THE TASK:
Repeat all the lines below exactly, but omit the pictures.

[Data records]
-- Opening Marker --

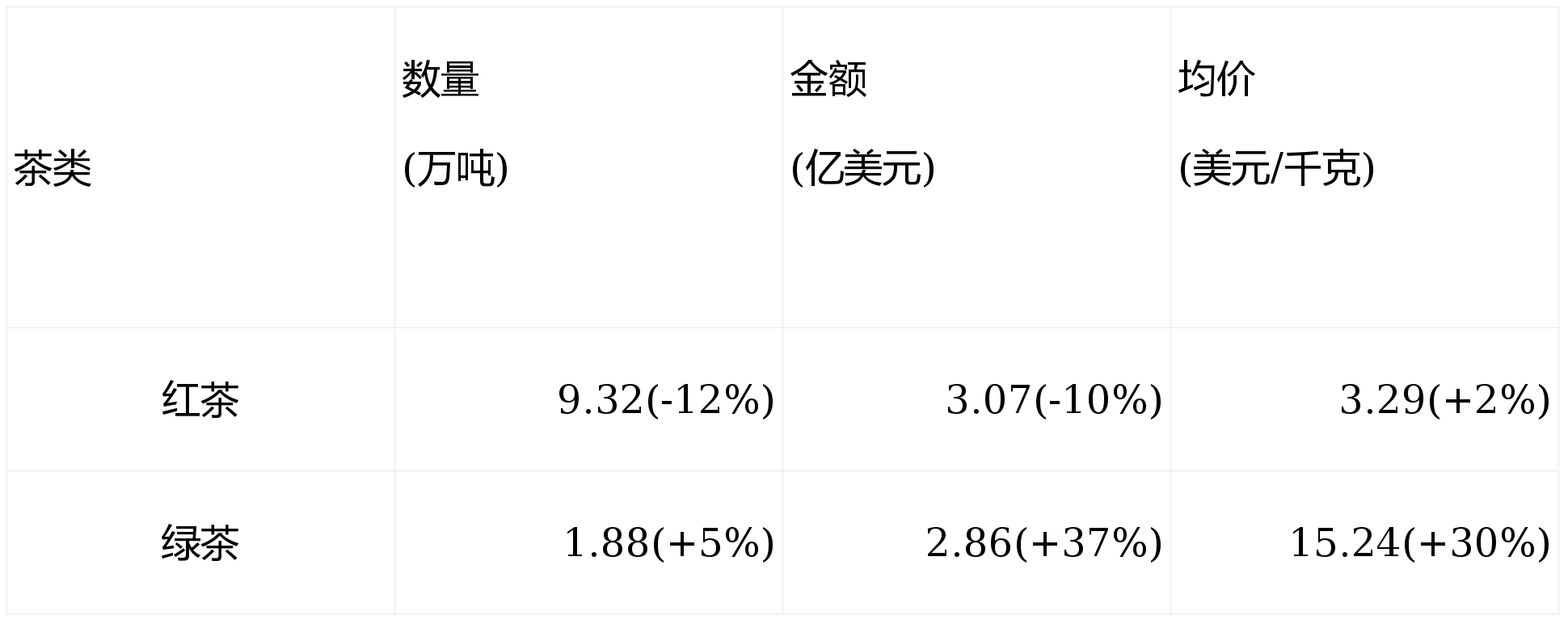 2.小包装享有更高的均价:内包装≤3千克的绿茶,均价高达 20.59 美元/千克(同比增18%) 。反观占比超七成的大包装(>3千克)红茶,均价仅为 2.06 美元/千克,沦为低附加值的原料供给 。
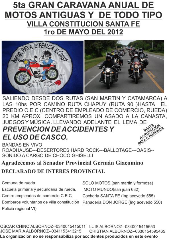 realizamos la 5ta caravana anual de motos en villa constitucion ,nos juntamos en predio dos rutas a las 10 am calle san martin y catamarca en villa constitucion . salimos en caravana hacia la localidad de rueda al camping centro de empleado de comercio. tendremos el predio para nosotros donde contamos con parrillero para que realizen sus asados de agrupacion ,baos ,cantina y bandas de musicas.si no llegas a la caravana llegate directamente al camping centro empleado de comercio en rueda.
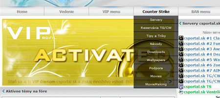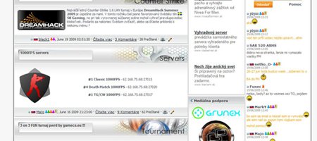 Druhá podstatná vec, ktorá sa zmenila na webe je rozmiestnenie panelov. Teraz si môžete novinky čítaťv ľavom najširšom panely, čo sa nezmenilo je tretí úplne pravý panel, v ktorom vidíte to čo aj pred tým avšak s tým, že hneď vedľa neho mu asistuje súbor panelov obsahujúci posledné odohraté zápasy csportalom, posledných prihlásených užívateľov ako aj partnerov a mediálnu podporu. V pravom hornom rohu nájdete rozpis našich serverov a hneď pod ním sa Vám náhodne menia trailery rôznych hier.
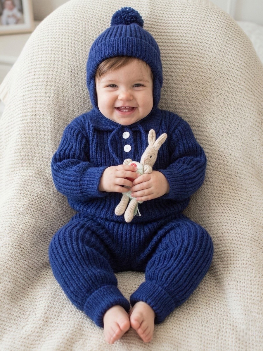Tröjan stickas nerifrån och upp med en klassisk polokrage och knappslå för en fin finish. Byxorna har en hög midja och muddar vid anklarna för bästa passform. Den matchande hjälmmössan stickas med öronlappar och en lekfull pom-pom.
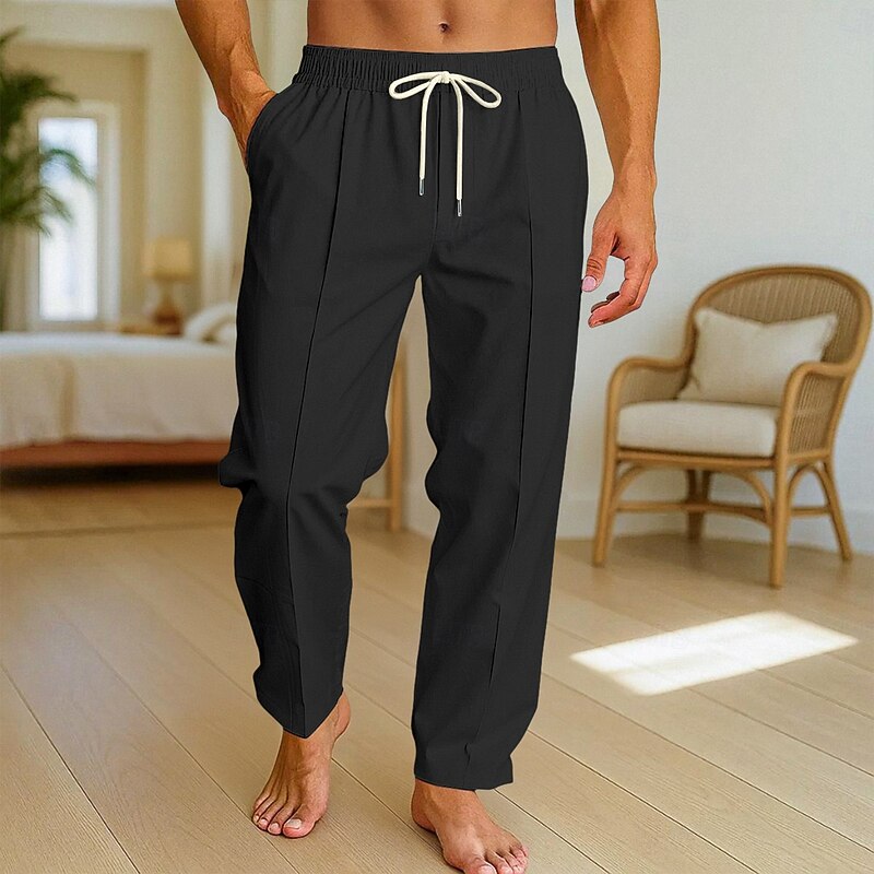 HOT ! Men's Linen Pants Trousers Summer Pants Baggy Pants Beach Pants Drawstring Pocket Elastic Waist Plain Comfort Breathable Full Length Vacation Daily Holiday Vacation Hawaiian Black White Micro-elastic

-- Closing Marker --

RESPONSE TO THIS TASK:
 2.小包装享有更高的均价:内包装≤3千克的绿茶,均价高达 20.59 美元/千克(同比增18%) 。反观占比超七成的大包装(>3千克)红茶,均价仅为 2.06 美元/千克,沦为低附加值的原料供给 。
 realizamos la 5ta caravana anual de motos en villa constitucion ,nos juntamos en predio dos rutas a las 10 am calle san martin y catamarca en villa constitucion . salimos en caravana hacia la localidad de rueda al camping centro de empleado de comercio. tendremos el predio para nosotros donde contamos con parrillero para que realizen sus asados de agrupacion ,baos ,cantina y bandas de musicas.si no llegas a la caravana llegate directamente al camping centro empleado de comercio en rueda.
 Druhá podstatná vec, ktorá sa zmenila na webe je rozmiestnenie panelov. Teraz si môžete novinky čítaťv ľavom najširšom panely, čo sa nezmenilo je tretí úplne pravý panel, v ktorom vidíte to čo aj pred tým avšak s tým, že hneď vedľa neho mu asistuje súbor panelov obsahujúci posledné odohraté zápasy csportalom, posledných prihlásených užívateľov ako aj partnerov a mediálnu podporu. V pravom hornom rohu nájdete rozpis našich serverov a hneď pod ním sa Vám náhodne menia trailery rôznych hier.
Tröjan stickas nerifrån och upp med en klassisk polokrage och knappslå för en fin finish. Byxorna har en hög midja och muddar vid anklarna för bästa passform. Den matchande hjälmmössan stickas med öronlappar och en lekfull pom-pom.
 HOT ! Men's Linen Pants Trousers Summer Pants Baggy Pants Beach Pants Drawstring Pocket Elastic Waist Plain Comfort Breathable Full Length Vacation Daily Holiday Vacation Hawaiian Black White Micro-elastic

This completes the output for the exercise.